OKP 2 Kecamatan Lakukan Aksi di Polres Maba Selatan

Meminta kepada Kapolda Maluku Utara (Malut) agar segera usut tuntas pelaku pembunuhan yang terjadi saat ini. Massa aksi juga meminta kepada Kapolri untuk membentuk tim khusus dan melakukan operasi militer dalam rangka menyisir hutan Halmahera.

Tuntutan terakhir para massa aksi yang disampaikan adalah meminta kepada Polda Malut dan Polres Haltim agar dapat tuntaskan 8 DPO yang hingga kini belum juga tertangkap.

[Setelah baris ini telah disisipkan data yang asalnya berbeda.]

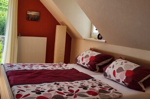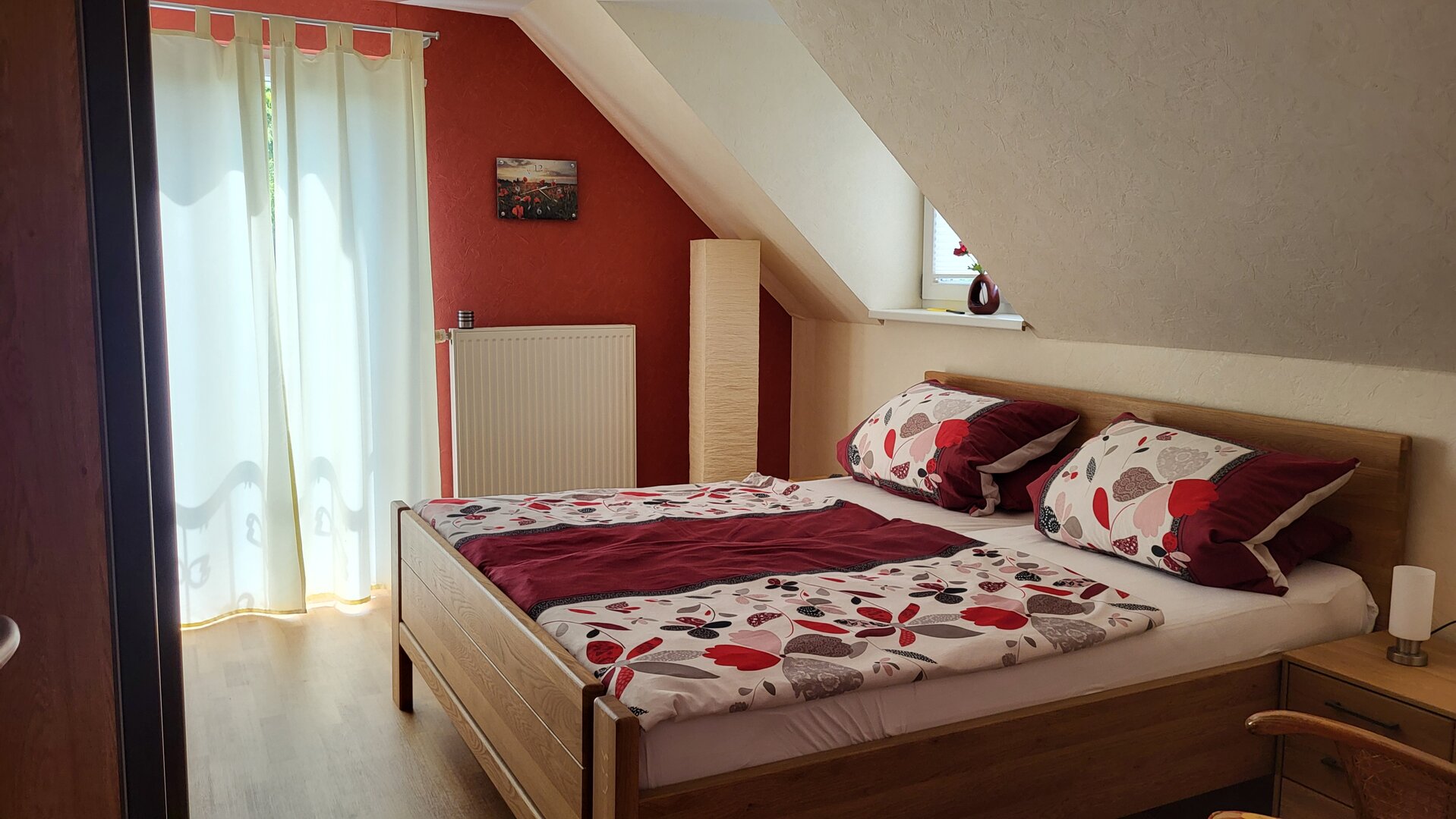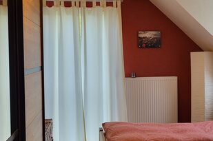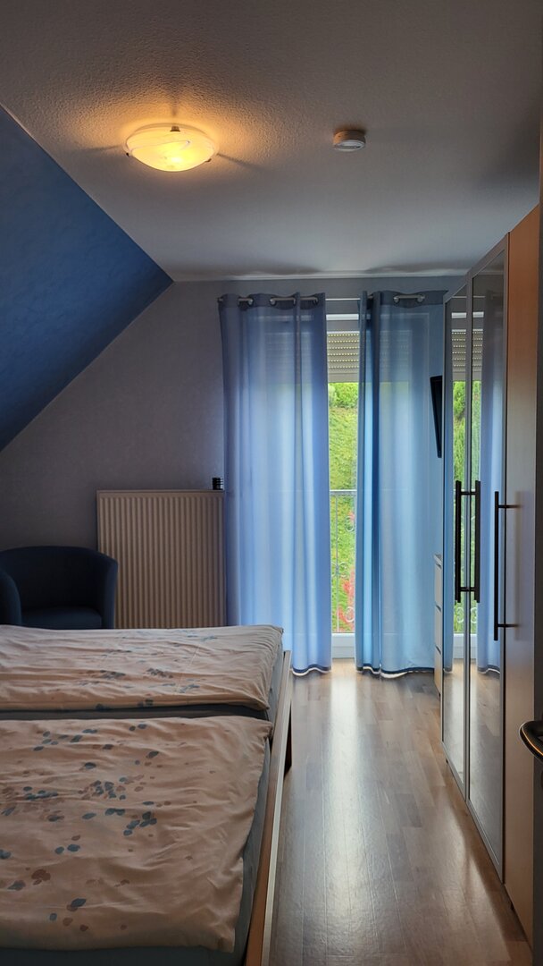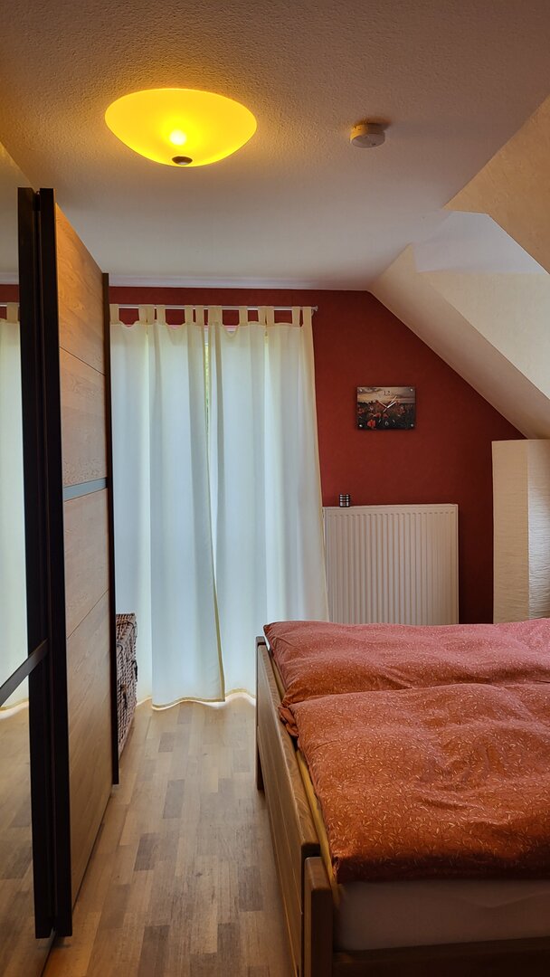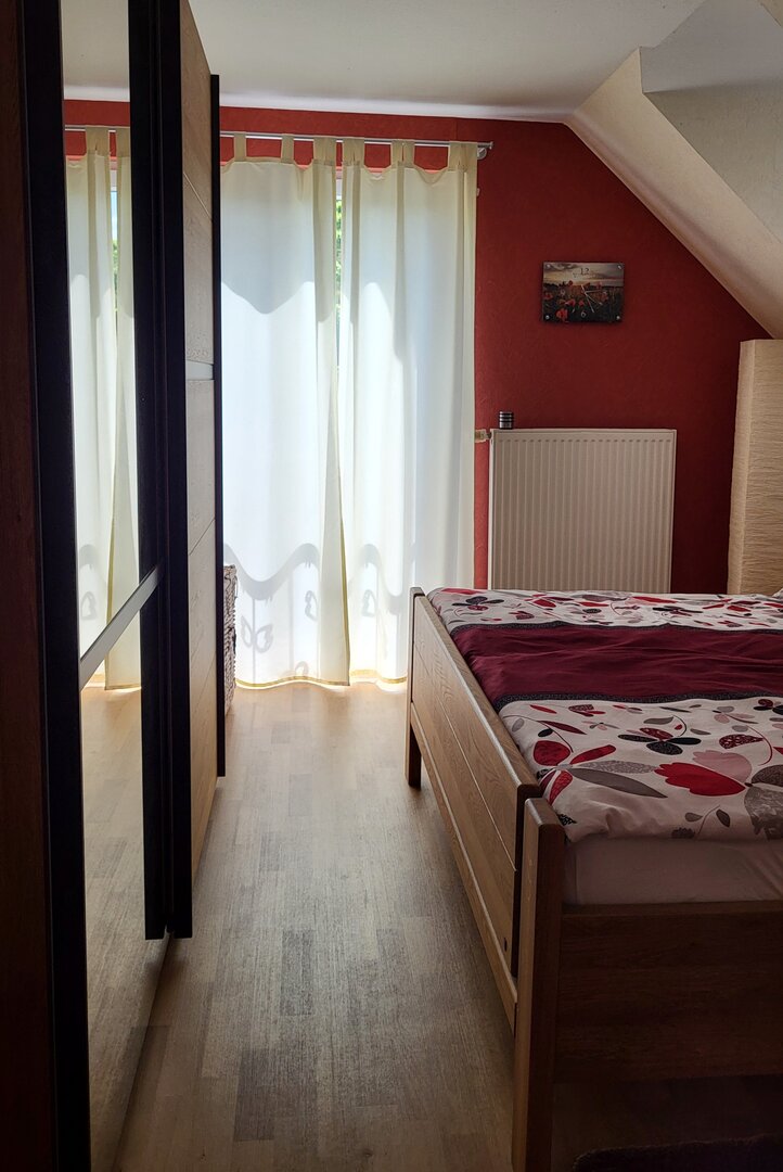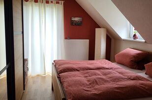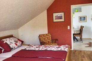 Dieses Zimmer mit einem bequemen Doppelbett überrascht durch seine warme rote Farbe. Neben der großen Glastür hat das Zimmer eine Dachgaube zur Dachterrasse mit Blick auf Offenburg. Ein Schrank und zwei Nachttischchen bieten Ihnen genügend Stauraum. Beide Zimmer sind mit pflegeleichtem PVC-Fußboden ausgestattet, so dass sich auch Allergiker wohlfühlen.

“Kami juga menegaskan jika tidak dipenuhi, maka akan menimbulkan amarah warga yang meninggi,” kata Korlap Aksi Nanang Suaib.

Sementara itu Kapolres Haltim AKBP. Eddy Sugiharto menanggapi massa aksi dan menyampaikan turut berduka cita atas meninggalnya korban pembunuhan yang terjadi di Gotowasi Maba Selatan.

Kapolres mengakui jika pihaknya saat ini selalu berupaya melakukan program pengamanan Kamtibmas dalam rangka keamanan dan kenyamanan warga, akan tetapi dirinya mengakui masih saja terjadi aksi pembunuhan yang tidak diduga akan terjadi.

“Salah satu program kegiatan Polres yaitu Kamtibmas  dengan target tidak ada masalah terkait Kamtibmas namun masih terjadi pula, banyak upaya yang sudah dilaksanakan oleh pihak polres,” katanya.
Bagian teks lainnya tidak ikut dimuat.